The prospector who had come into
my office, wasn't buying the Federallie's story. And was convinced he had
found the sic, Lost Indian’s gold mine in an isolated cave sitting part way
up a canyon wall north of Pitt Lake. The canyon wall was located part way up
the Pitt River which fed Pitt Lake from the north. Which was part way up the
Fraser River Valley from Vancouver.
Nearly all of British Columbia had been
completely mapped by the mid sixty's. But this particular part of the Coast
range, starting just east of Vancouver and extending due north for hundreds
of miles along the Fraser River as its base line, was so wild and woolly'd
that few had ever come out alive let alone bothering to map it out.
Six foot beavers were reputed to live in
there. Ever notice how the fabled creatures of the planet all live in areas
where no one can prove them out. For example, Lock Ness in Scotland is too
deep to go down there and check. The same for ‘Okopogo’ in Okanogan Lake in
British Columbia.

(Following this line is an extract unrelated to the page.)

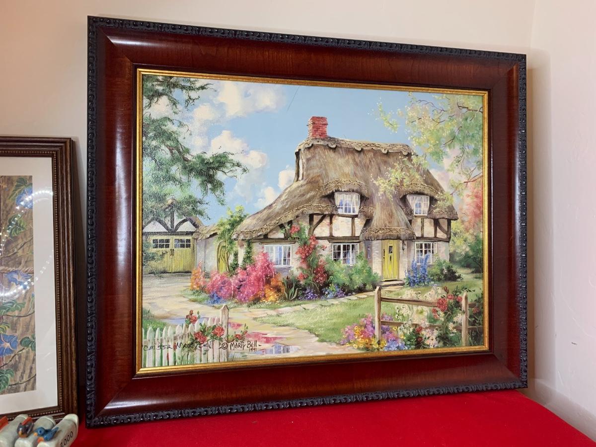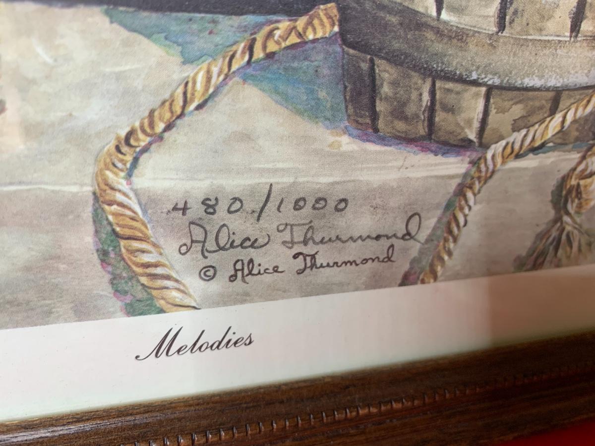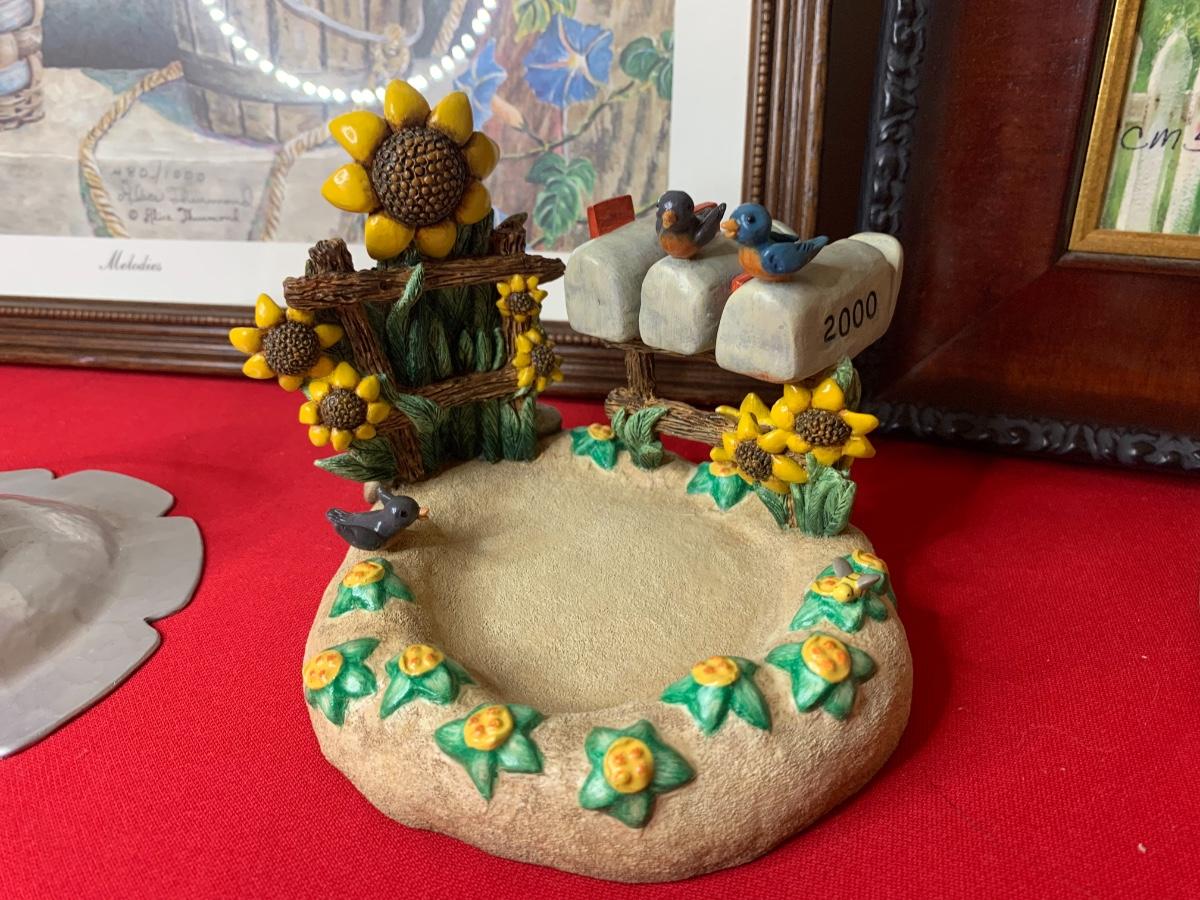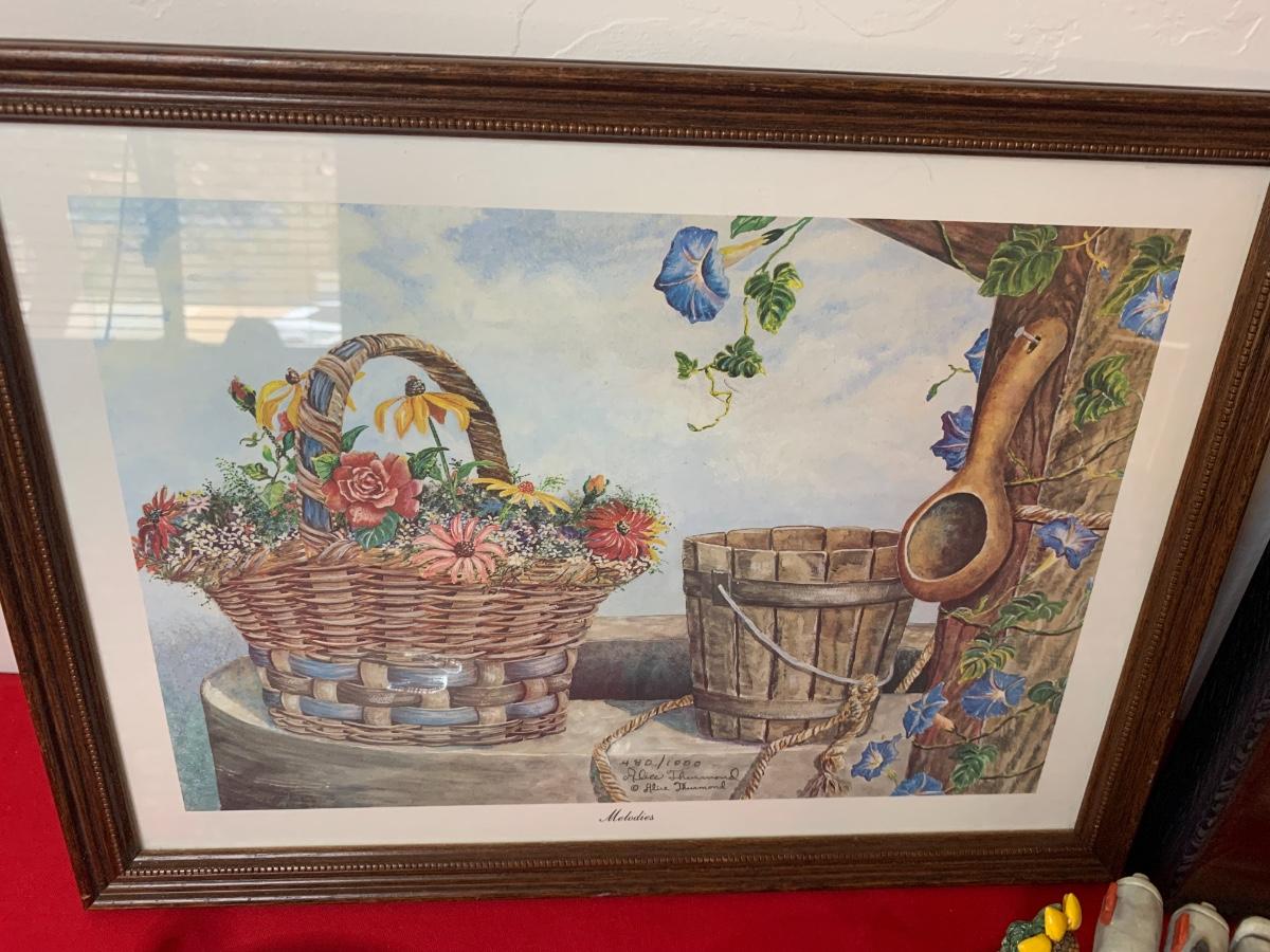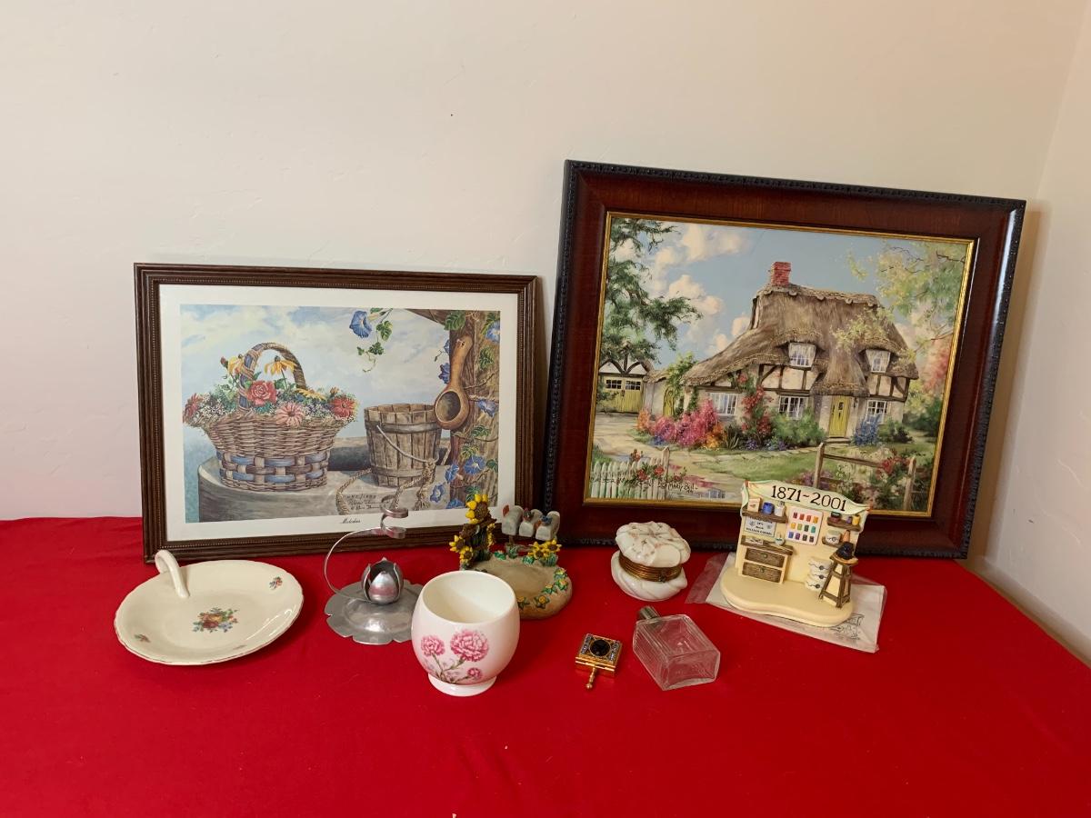 Lot includes art print by Alice Thurmund called Melodies 480/100. Also includes wood framed print by Marty Bell, a Noritake Mother’s Day flower bowl, a discreet ashtray with faux gems, Czech china, candle holder, Hummelscape, milk glass trinket box, and a Goebel artist Studio figurine. All in very good condition.

It’s like monsters under the bed for kids, only grown up
into adult hoodoos for the parents.
In fact blaming the unprovable for the
unthinkable has been a ploy of man since the beginning of recorded history.
Whenever a lady in ancient Greece became laden with child and the husband
wasn’t around at the time, she would conveniently proclaim the father to be
Zeus in the form of a swan and would not repent.
Actually the area where the six foot
beavers were supposed to live really did have a reputation for swallowing up
hikers and explorers by the 'Outer Limits' load. Who would go off into the
area never to be seen again. Sasquatches were also said to live there in
large tribes, and we just went through covering how that works.
So because this area was not known in detail,
plus had some considerable mystique about it, and because where better for
the Indian's lost mine to be hiding out, and because the Indian had to be
getting his gold from at least one way or place or another the last
time I checked, the fellow in my office was convinced he had found the
somewhere and was now looking for the one way or another to get back up
there to give it a good look.
Never being one to distain a possibility of getting rich
quick in the mouth, I rented a helicopter and off into the wilds the
prospector and I went to take a look.
The helicopter dropped us at the left top end of Stave
lake where a small narrow River came out of the mountains, and we took off
along a narrow path going up along the canyon top from there. It was through
some of roughest, meanest, fiercest, toughest looking forest anyone ever
walked though, I mean ever, even with the sort of path we were following, We
were hiking though some very decidedly very wild and very unfriendly
country.
The going up alongside the river was therefore
excruciatingly slow. And we were going up the easy part high above the shore
line of the river coursing far below along the path. Without the path it
would have taken weeks to go the same distance the terrain was so wild and
overgrown. It was no wonder the area had never been properly surveyed yet,
and we were only in the first token few miles or so of the hundreds of miles
running due north of where we stood.
To make a long story short, we finally
reached a point where the river canyon opened right up into an expanse a
couple of hundred feet wide. We were now about three hundred feet or so
straight up the canyon wall above the river cascading below in fierce
foaming white torrents.
The prospector pointed to a round coloured grey smudge on the canyon wall on
the other side of the river, saying, "See, there, the lost Indian's gold
mine'.
As hard as I looked, all I could see was a round grey
coloured smudge. I concluded therefore that the prospector probably needed a
pair of glasses and that was the end of that.
The point of this introduction is that some forty six years later I decided
to take a look at the area in Google Earth to see what a keen eye in the sky
might turn up. It didn't turn up the lost Indian's gold mine, but It sure as
heck turned up a surprise that is maybe even more intriguing.
What it turned up looks for all the world like the image of a micro chip
circuit board sitting right in the middle of a tiny mountain top lake just
north east of Vancouver British Columbia.